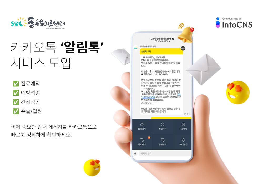 그동안 병원에서는 보호자들에게 진료 예약, 수술 일정, 처방 안내 등을 문자메시지(SMS)로 전달해왔다. 하지만 문자 길이 제한, 스팸 문자 인식, 접근성 문제 등으로 보호자들이 필요한 정보를 제때 확인하지 못하는 경우가 발생했다.
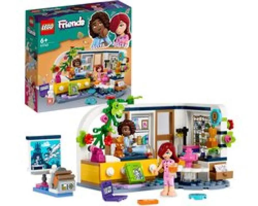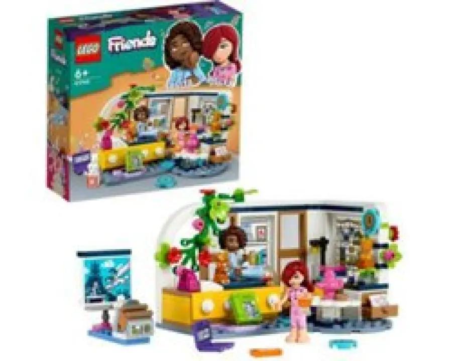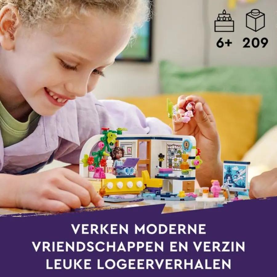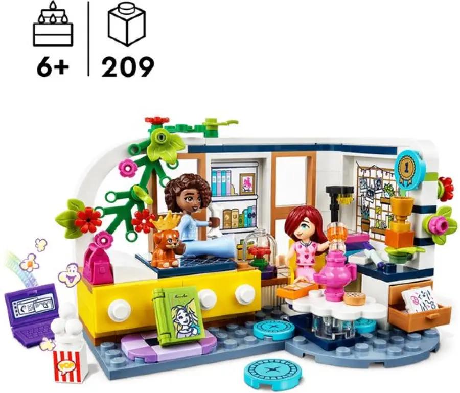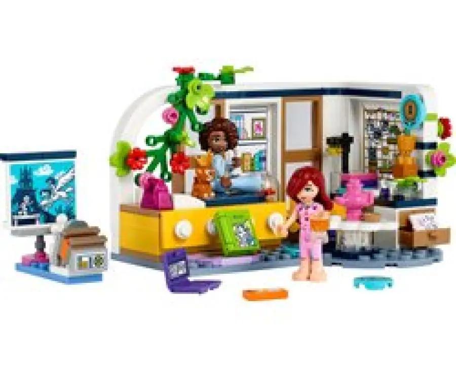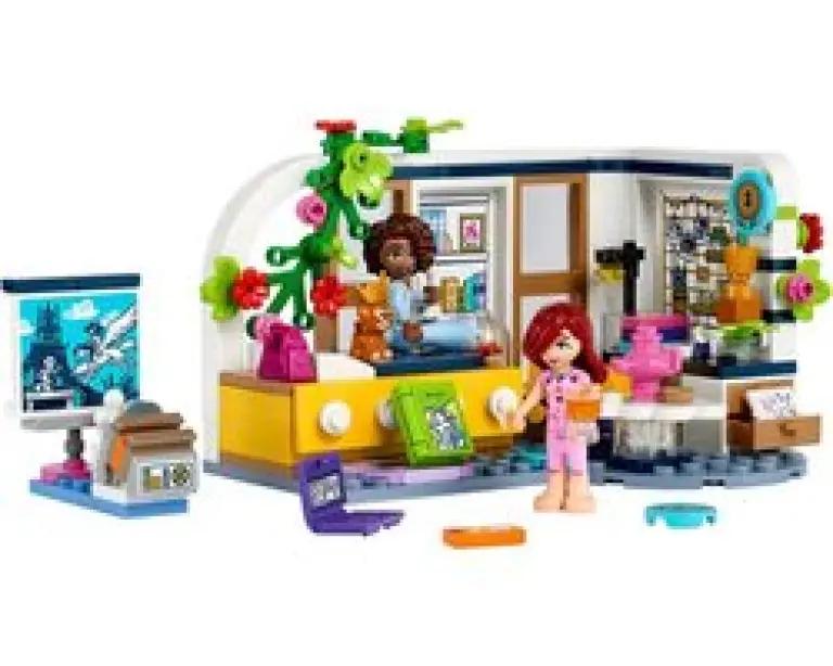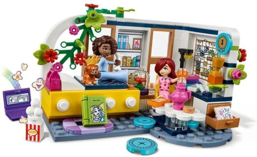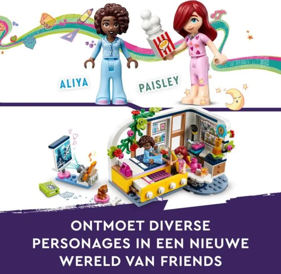 De LEGO Friends speelset bestaat uit een bouwbare slaapkamer vol details, plus 2 minipoppetjes van Aliya en Paisley, en een speelgoedhuisdier. De kamer weerspiegelt Aliya's leergierige aard met accessoires zoals schriften, een draaistoel, laptop, boek, lamp en trofee. Leuk detail: het werkstuk waar Aliya een onvoldoende voor kreeg en dat ze heeft verstopt onder haar stapel tienen! Misschien kan Paisley haar helpen om niet zo streng voor zichzelf te zijn. Als het tijd is om te ontspannen, is er een groot scherm om films te kijken en hondenaccessoires om met Aliya's puppy te spelen.
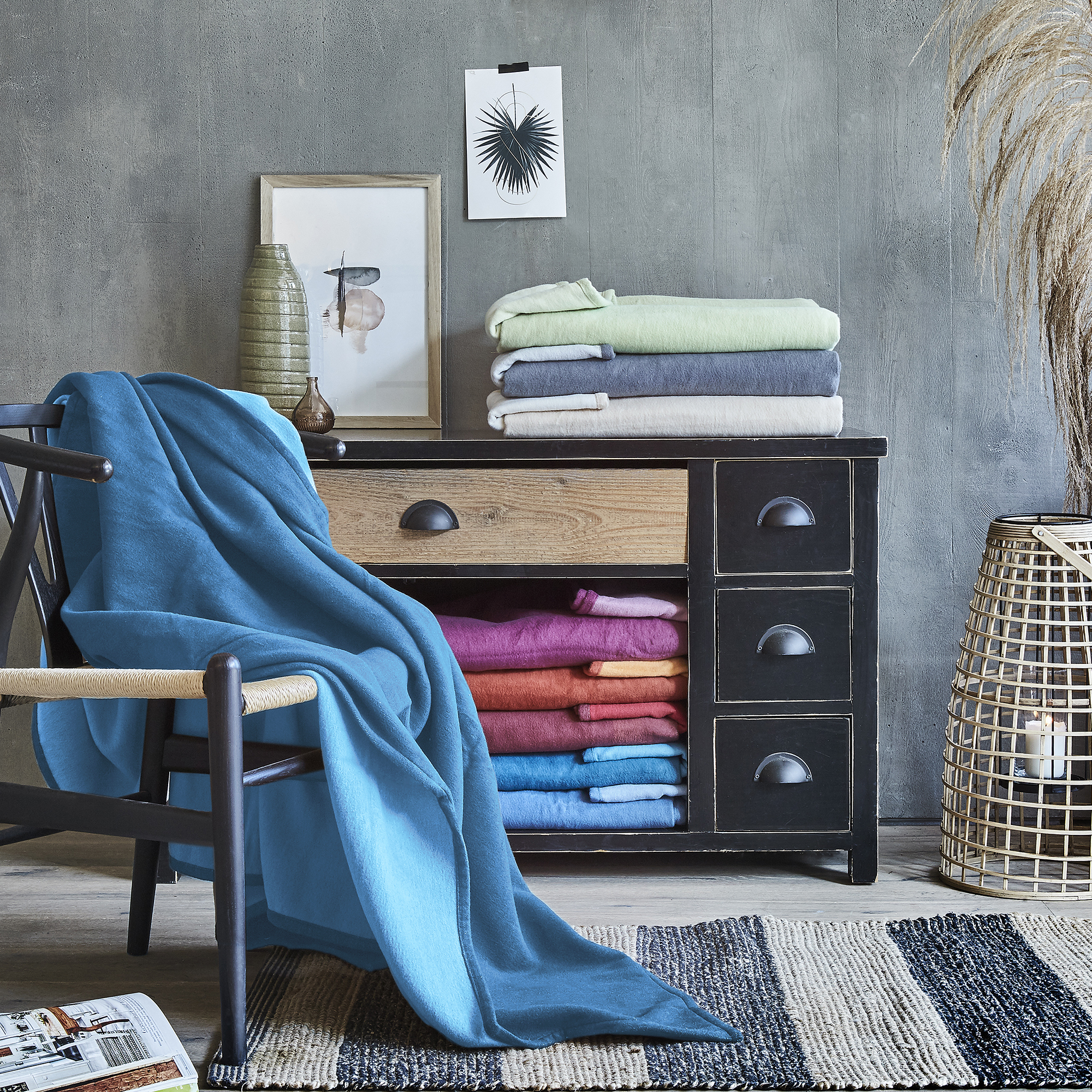Durch die Naturfaser ist die Wohndecke weich & atmungsaktiv, zudem angenehm leicht.

= = = = = = =

What is expected: Transcribe the data word for word, with no images.

The answer:
 그동안 병원에서는 보호자들에게 진료 예약, 수술 일정, 처방 안내 등을 문자메시지(SMS)로 전달해왔다. 하지만 문자 길이 제한, 스팸 문자 인식, 접근성 문제 등으로 보호자들이 필요한 정보를 제때 확인하지 못하는 경우가 발생했다.
 De LEGO Friends speelset bestaat uit een bouwbare slaapkamer vol details, plus 2 minipoppetjes van Aliya en Paisley, en een speelgoedhuisdier. De kamer weerspiegelt Aliya's leergierige aard met accessoires zoals schriften, een draaistoel, laptop, boek, lamp en trofee. Leuk detail: het werkstuk waar Aliya een onvoldoende voor kreeg en dat ze heeft verstopt onder haar stapel tienen! Misschien kan Paisley haar helpen om niet zo streng voor zichzelf te zijn. Als het tijd is om te ontspannen, is er een groot scherm om films te kijken en hondenaccessoires om met Aliya's puppy te spelen.
Durch die Naturfaser ist die Wohndecke weich & atmungsaktiv, zudem angenehm leicht.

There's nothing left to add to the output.